5. A method for preparing a low-crack-sensitivity ultra-high-grade wear-resistant steel plate as described in any one of claims 1-4, characterized in that, The process is as follows: hot metal desulfurization pretreatment - converter smelting - LF+RH refining - continuous casting - billet cooling - billet acceptance - billet heating - descaling - rolling - steel plate cooling - flaw detection - preheat treatment - shot blasting - quenching - tempering - straightening - cutting and sampling - marking - inspection - warehousing, among which: During the rolling process, the thickness of the heated billet is controlled to be (1.5~3)*h, where h is the thickness of the finished steel plate in mm, and the final rolling temperature is ≤ the quenching temperature. After rolling, the steel plate is slowly cooled in a heated insulation pit. The slow cooling time is in hours and is set according to the thickness of the steel plate as (10~20) * h, where h is the finished thickness of the steel plate in cm. Before offline quenching, preheating treatment is performed at a temperature between 500 and 800℃. The heat treatment time is in minutes and is calculated as (4 to 10) * h, where h is the thickness of the finished steel plate in mm.

6. The method for preparing ultra-high wear-resistant steel plate with low crack sensitivity according to claim 5, characterized in that: The mass fraction of sulfur in the molten iron after desulfurization pretreatment and slag removal is ≤0.0025%.

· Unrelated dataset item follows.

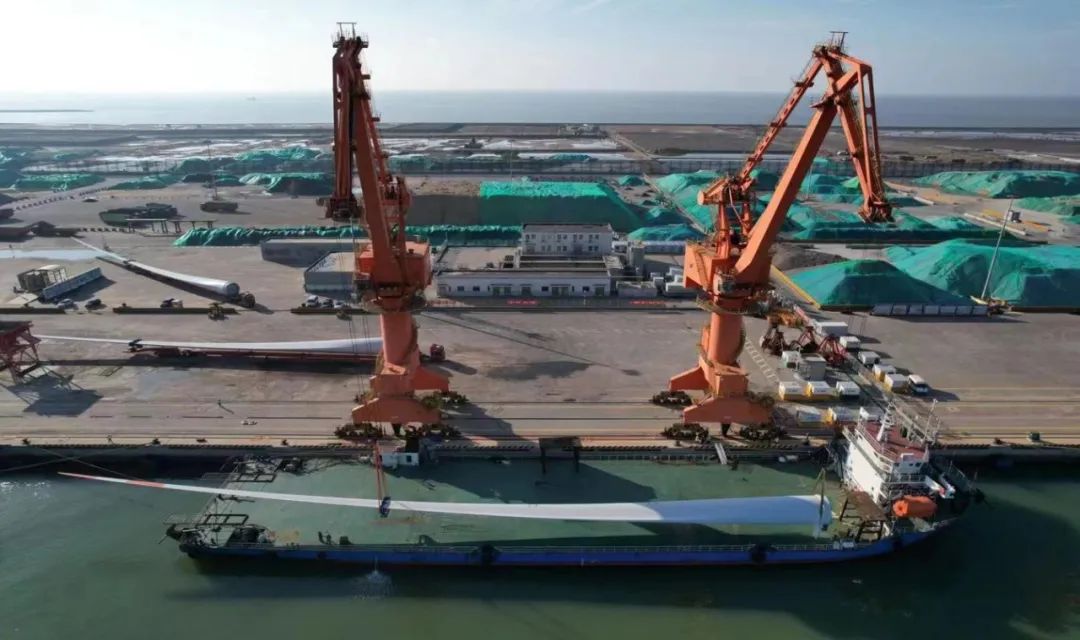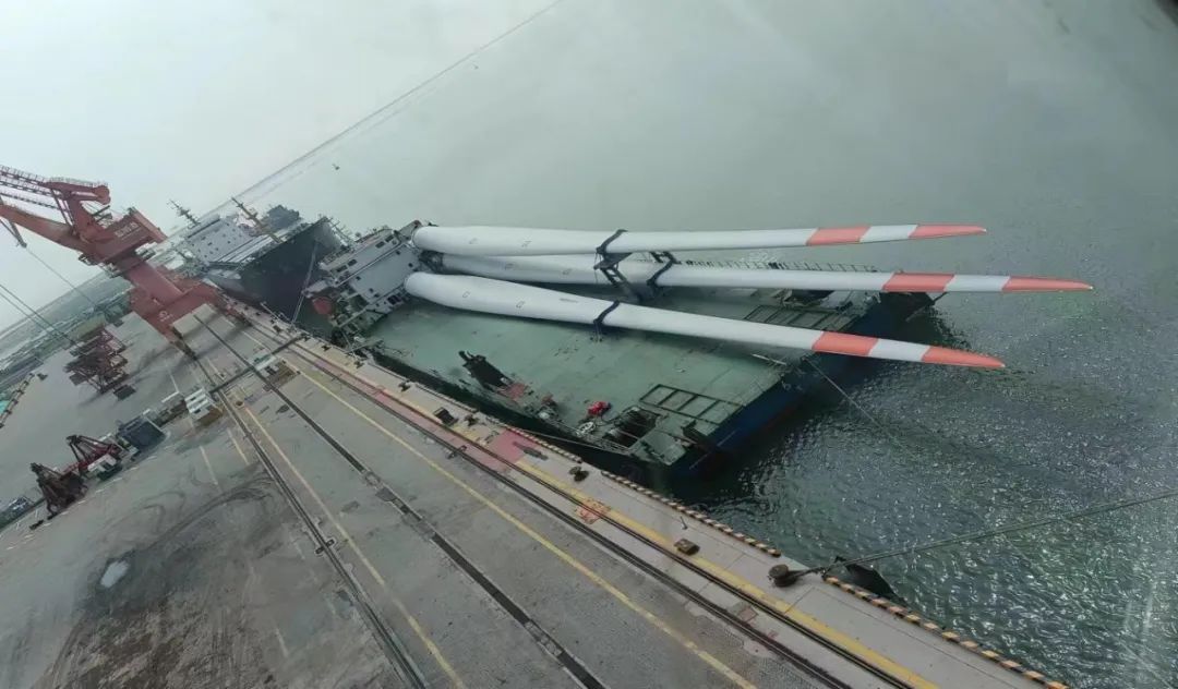 國(guó)電投山東海陽(yáng)項(xiàng)目首套風(fēng)電設(shè)備系濱海港建港以來進(jìn)港海運(yùn)最大的風(fēng)力葉片,全長(zhǎng)97米。此次運(yùn)載的風(fēng)力葉片從南通運(yùn)至濱海港區(qū)碼頭,由于該葉片體身長(zhǎng),運(yùn)輸過程中涉及安全系數(shù)較大,為確保萬無一失,從327省道轉(zhuǎn)入濱海港區(qū)后,生產(chǎn)經(jīng)營(yíng)條線安排專班人員實(shí)時(shí)跟蹤服務(wù),及時(shí)協(xié)調(diào)清理影響拐彎的部分隔離護(hù)欄,保障途中各轉(zhuǎn)彎要道口的通行安全,順利抵達(dá)目的地——濱海港碼頭1號(hào)泊位。至此,三根風(fēng)葉片全部被安全高效地裝載上貨輪,運(yùn)往國(guó)電投山東海陽(yáng)目的地。

7. The method for preparing ultra-high wear-resistant steel plate with low crack sensitivity according to claim 5, characterized in that: During the steel tapping process in the converter, 50-200 kg of 5%-40% rare earth cerium-iron alloy is added.

8. The method for preparing ultra-high wear-resistant steel plate with low crack sensitivity according to claim 5, characterized in that: The tundish baking time during the continuous casting process is ≥5 hours.

9. The method for preparing ultra-high wear-resistant steel plate with low crack sensitivity according to claim 5, characterized in that: The quenching temperature is 830–930℃, and the tempering temperature is 120–220℃.

10. The method for preparing ultra-high wear-resistant steel plate with low crack sensitivity according to claim 5, characterized in that: The prepared steel plate has a Brinell hardness of 500HB to 620HB and a strength of 1500 to 2300 MPa. The crack incidence rate of the steel plate during the cutting process is ≤1%.